# Freeview (UK DTT)



## pudds (21 Jan 2010)

I would  prefer to go Terrestrial if I could receive Freeview here (Waterford City)  anyone know if thats possible. I know Freeview is receivable on some parts of the east coast.


----------



## jhegarty (21 Jan 2010)

I don't think there is any chance of getting it that far inland.


----------



## pudds (21 Jan 2010)

jhegarty said:


> I don't think there is any chance of getting it that far inland.



huh......if I walked out me front door, I'd be in the oirish sea


----------



## jhegarty (21 Jan 2010)

pudds said:


> huh......if I walked out me front door, I'd be in the oirish sea



You are trying to get a signal from Wales , so that's the direction I am talking about.


----------



## pudds (22 Jan 2010)

jhegarty said:


> You are trying to get a signal from Wales , so that's the direction I am talking about.



I see where your coming from now


----------



## horse7 (22 Jan 2010)

why dont you get a dish.


----------



## pudds (22 Jan 2010)

horse7 said:


> why dont you get a dish.





I was trying to avoid a dish or outside aerial but as it seems I wont get UK Freeview I'm now thinking of getting a combo stb and dish installed for freestat and hooking in my RTE aerial for home stations.

I just did a test using the old rabbits ears in the kitchen and got all the 4 irish channels pretty near perfect so a loft aerial might be all I need here.


----------



## hopalong (22 Jan 2010)

i think rte is broadcasting digital terrestial,but you need a mpeg4 receiver.


----------



## pudds (22 Jan 2010)

hopalong said:


> i think rte is broadcasting digital terrestial,but you need a mpeg4 receiver.



Thats right but *if* you are currently receiving the 4 irish channels by aerial then all you need is a  MPEG4 device to get the digital channels.

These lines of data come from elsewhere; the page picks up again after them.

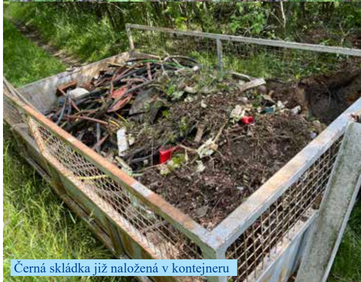
Černá skládka již naložená v kontejneru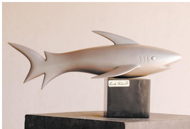
Fotografía 5 - Escultura Ernesto Cardenal.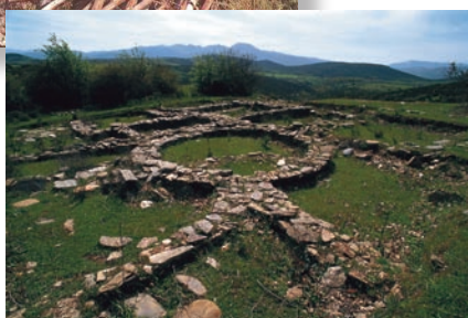
Castreín de San Juan de Paluezas.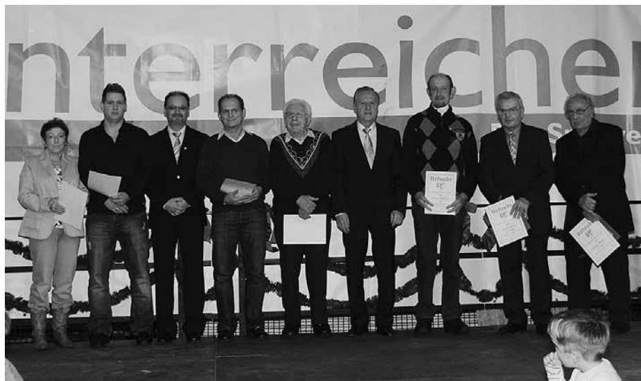
Alle anwesenden Geehrten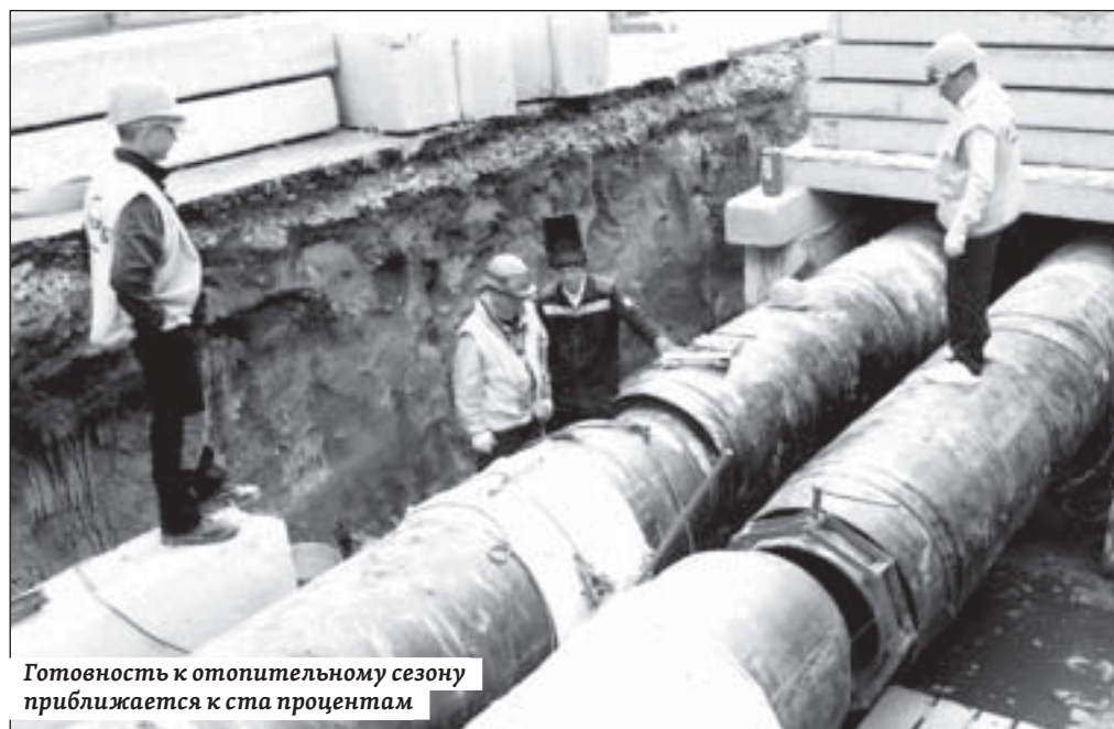
Готовность к отопительному сезону приближается к ста процентам

Филиалом «Саратовский» ПАО «Т Плюс» капитально отремонтировано четыре котла, 25,5 км магистральных трубопроводов.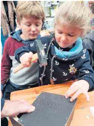
Die Kinder und Jugendlichen sind immer mit Feuereifer dabei.

und Niststätten werden immer weniger. Hecken, Bäume, Wildwuchs, Totholz und Wildwiesen müssen immer mehr weichen. Stattdessen findet man saubere, „aufgeräumte“ Einheitsgärten ohne Vielfalt für Tier und Natur. Mit einem geschützten Nistkasten an der richtigen Stelle im Garten oder auf dem Balkon kann man den heimischen Wildvögeln einen sicheren Nistplatz für ihren Nachwuchs anbieten und unterstützt somit die heimische Vogelwelt. Bei Fragen rund um das Thema Tierschutz erhält man Auskunft über die Vereins-Hotline 02224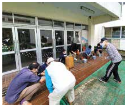
一つ一つ丁寧に掃除していただきました。ありがとうございます。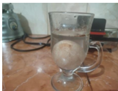
Figura 5. Formación de burbujas después de 24 horas

Se debe dejar reposar por 48 horas el huevo en el vinagre y observar los cambios pasadas las de 24 horas de iniciado el proceso.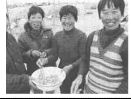
唯一的“业余文化生活”大概就是“甩老K”了。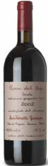
Rosso del Bepi IGT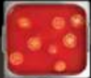
Lẩu cà chua Tomato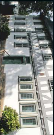
Lottehaus – Literarische Gedenkstätte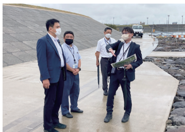
八重川津波高潮対策事業視察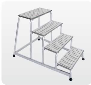
Abb. Best.-Nr. 50010

No special or outdoor aerial required.


----------



## hopalong (24 Jan 2010)

pudds how cheapis a mpeg4 receiver.


----------



## pudds (24 Jan 2010)

hopalong said:


> pudds how cheapis a mpeg4 receiver.



I'm not sure who is the cheapest, as these things have only become available fairly recently. 

A combo box (Irish DTT & Satellite)  €188

http://www.satellite.ie/acatalog/Terrestrial_and_Satellite__Free_to_Air_Combo_Receivers.html

Here its €149

http://www.saortv.com/shop/index.php?_a=viewCat&catId=3

If your just looking for an MPEG4 on its own, I'm sorry I'm not up to speed on that.


----------